TASK TO COMPLETE
Exclude images, then output the remaining data verbatim.

DATA EXTRACT
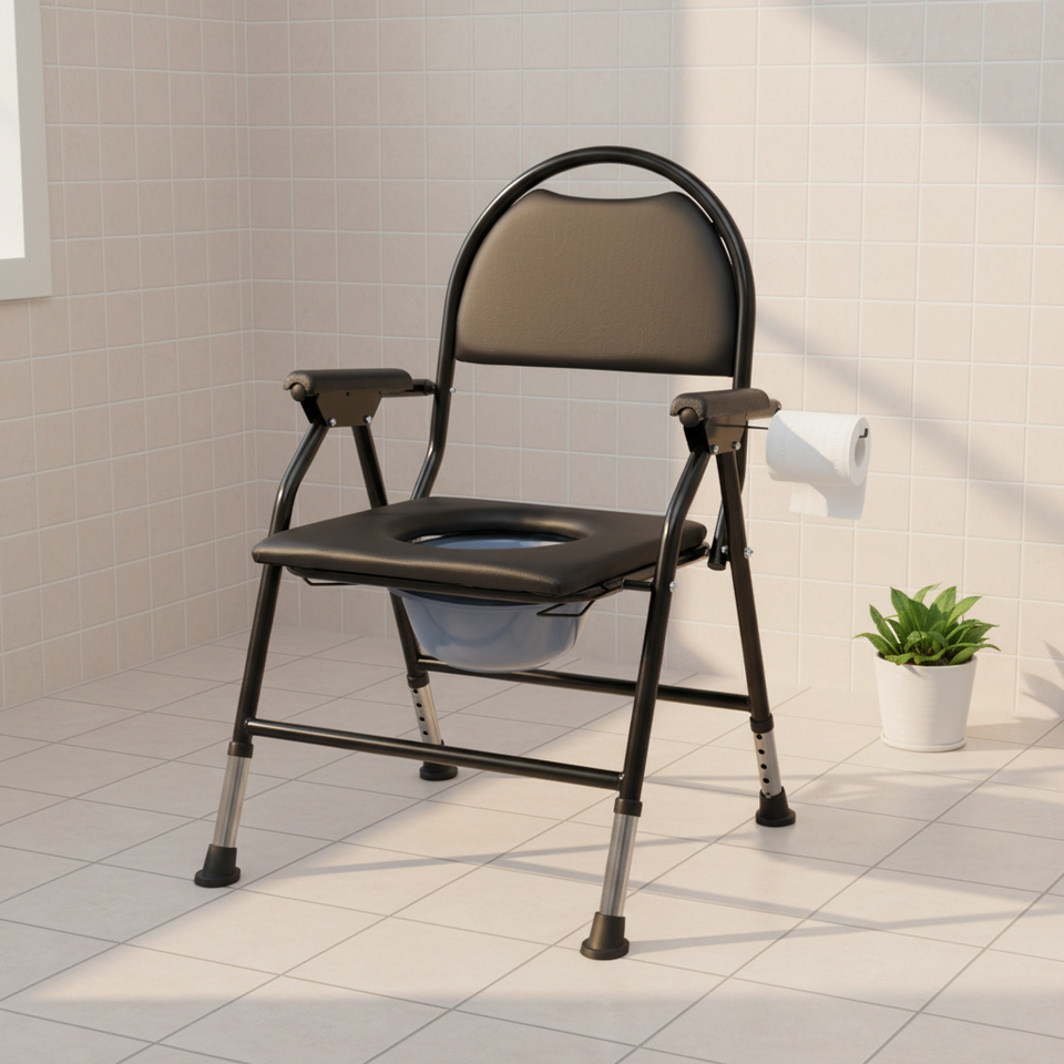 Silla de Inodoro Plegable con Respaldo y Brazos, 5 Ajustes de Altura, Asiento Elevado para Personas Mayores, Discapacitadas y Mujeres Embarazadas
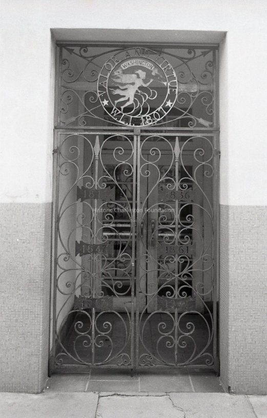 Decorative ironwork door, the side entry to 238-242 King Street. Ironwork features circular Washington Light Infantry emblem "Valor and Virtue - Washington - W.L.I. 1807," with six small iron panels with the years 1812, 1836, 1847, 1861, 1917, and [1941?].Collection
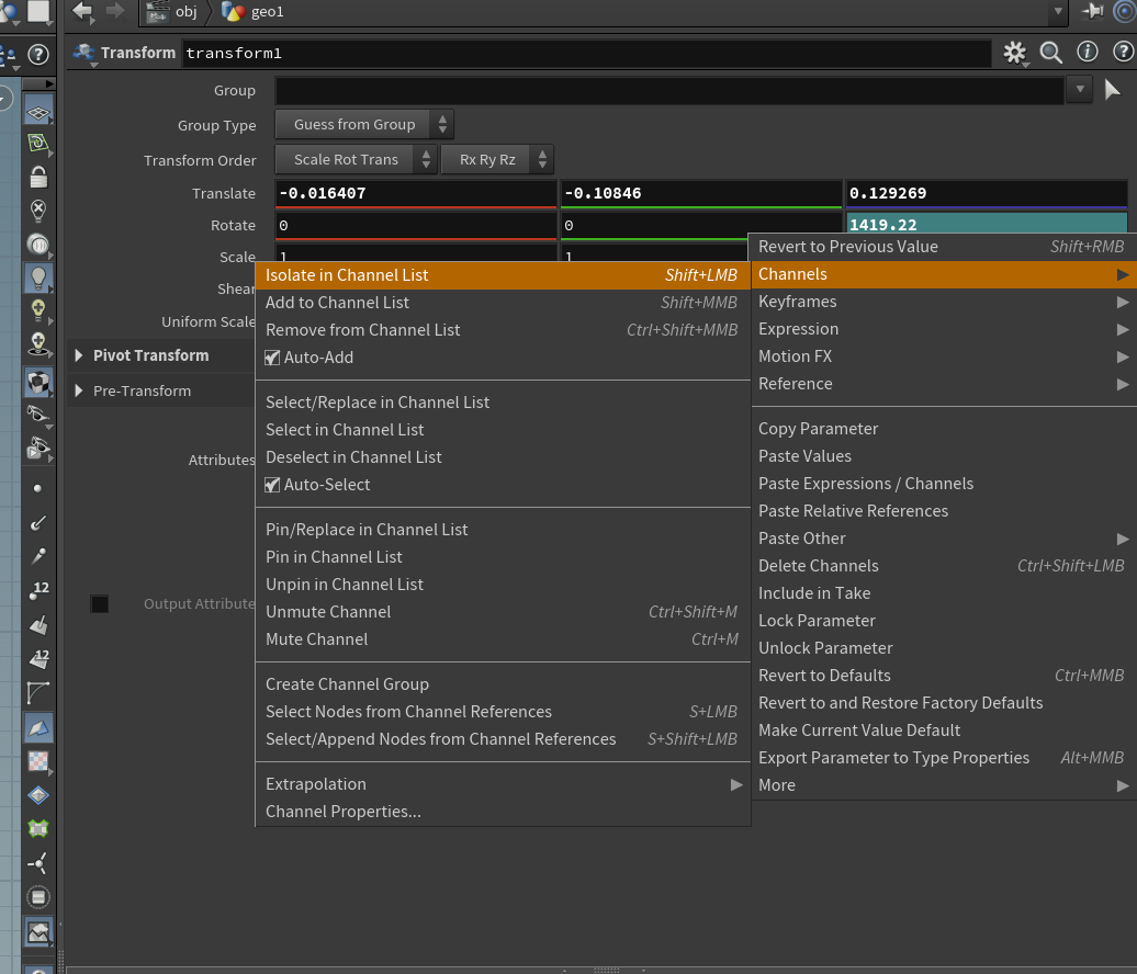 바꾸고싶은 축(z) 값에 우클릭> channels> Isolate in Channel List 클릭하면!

OUTPUT OF THE EXERCISE
 Silla de Inodoro Plegable con Respaldo y Brazos, 5 Ajustes de Altura, Asiento Elevado para Personas Mayores, Discapacitadas y Mujeres Embarazadas
 Decorative ironwork door, the side entry to 238-242 King Street. Ironwork features circular Washington Light Infantry emblem "Valor and Virtue - Washington - W.L.I. 1807," with six small iron panels with the years 1812, 1836, 1847, 1861, 1917, and [1941?].Collection
 바꾸고싶은 축(z) 값에 우클릭> channels> Isolate in Channel List 클릭하면!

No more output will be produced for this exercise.